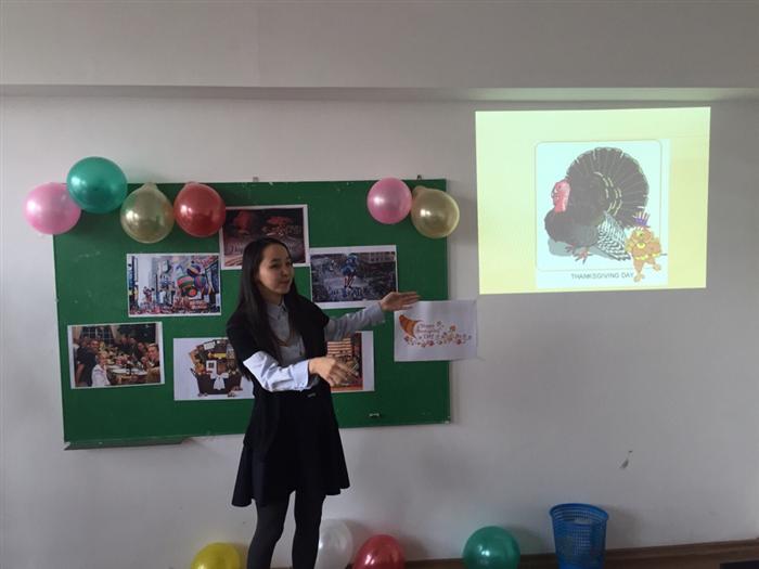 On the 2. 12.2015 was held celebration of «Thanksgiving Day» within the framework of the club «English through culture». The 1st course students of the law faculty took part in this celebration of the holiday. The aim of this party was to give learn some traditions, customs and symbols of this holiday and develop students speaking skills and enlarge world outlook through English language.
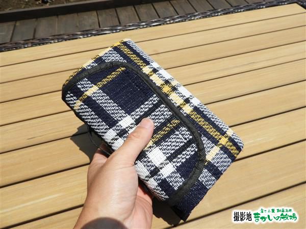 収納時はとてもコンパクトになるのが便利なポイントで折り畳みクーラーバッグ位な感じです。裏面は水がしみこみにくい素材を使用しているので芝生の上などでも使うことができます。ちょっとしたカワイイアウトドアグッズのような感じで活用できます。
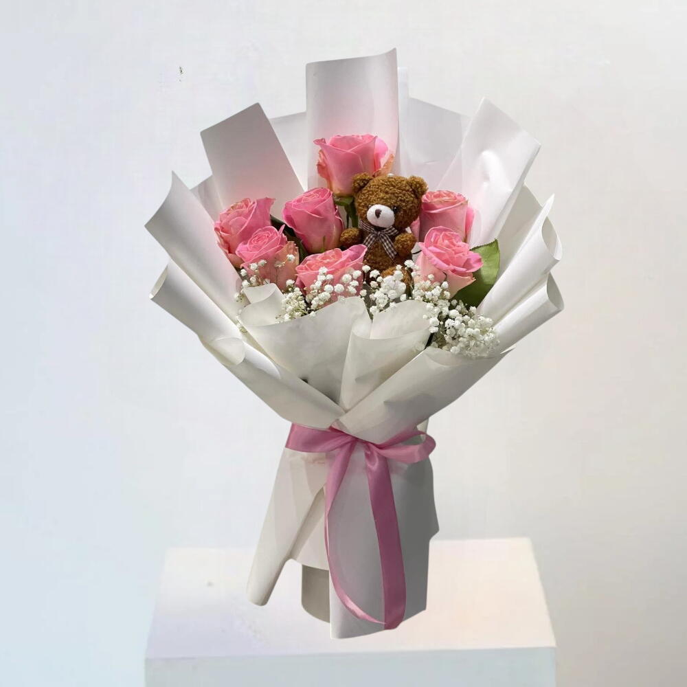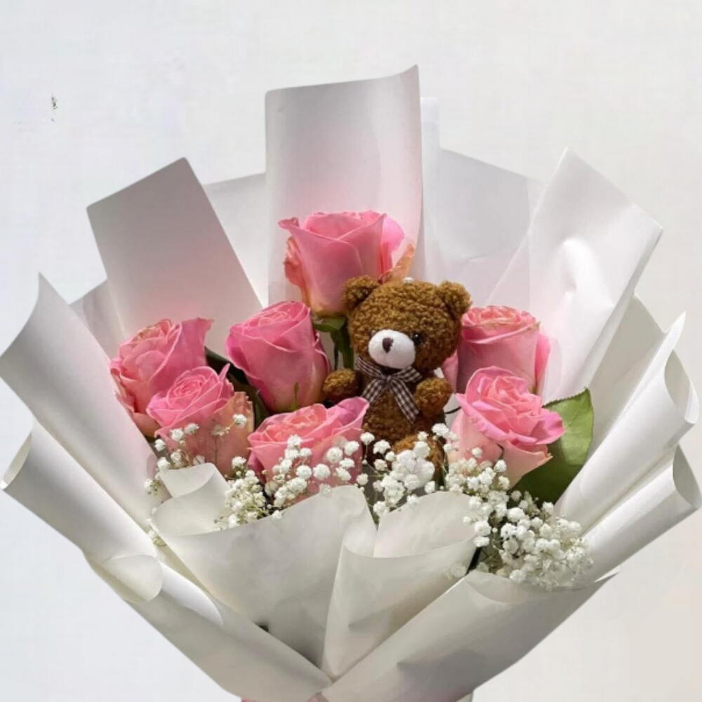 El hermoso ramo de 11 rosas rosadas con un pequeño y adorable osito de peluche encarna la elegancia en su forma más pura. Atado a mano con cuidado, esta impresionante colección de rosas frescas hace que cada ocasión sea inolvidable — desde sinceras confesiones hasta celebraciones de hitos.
--*--
**Problem description**
When a line carries an image, skip the image and repeat everything else above exactly as written.

**Answer for the task**
 On the 2. 12.2015 was held celebration of «Thanksgiving Day» within the framework of the club «English through culture». The 1st course students of the law faculty took part in this celebration of the holiday. The aim of this party was to give learn some traditions, customs and symbols of this holiday and develop students speaking skills and enlarge world outlook through English language.
 収納時はとてもコンパクトになるのが便利なポイントで折り畳みクーラーバッグ位な感じです。裏面は水がしみこみにくい素材を使用しているので芝生の上などでも使うことができます。ちょっとしたカワイイアウトドアグッズのような感じで活用できます。
 El hermoso ramo de 11 rosas rosadas con un pequeño y adorable osito de peluche encarna la elegancia en su forma más pura. Atado a mano con cuidado, esta impresionante colección de rosas frescas hace que cada ocasión sea inolvidable — desde sinceras confesiones hasta celebraciones de hitos.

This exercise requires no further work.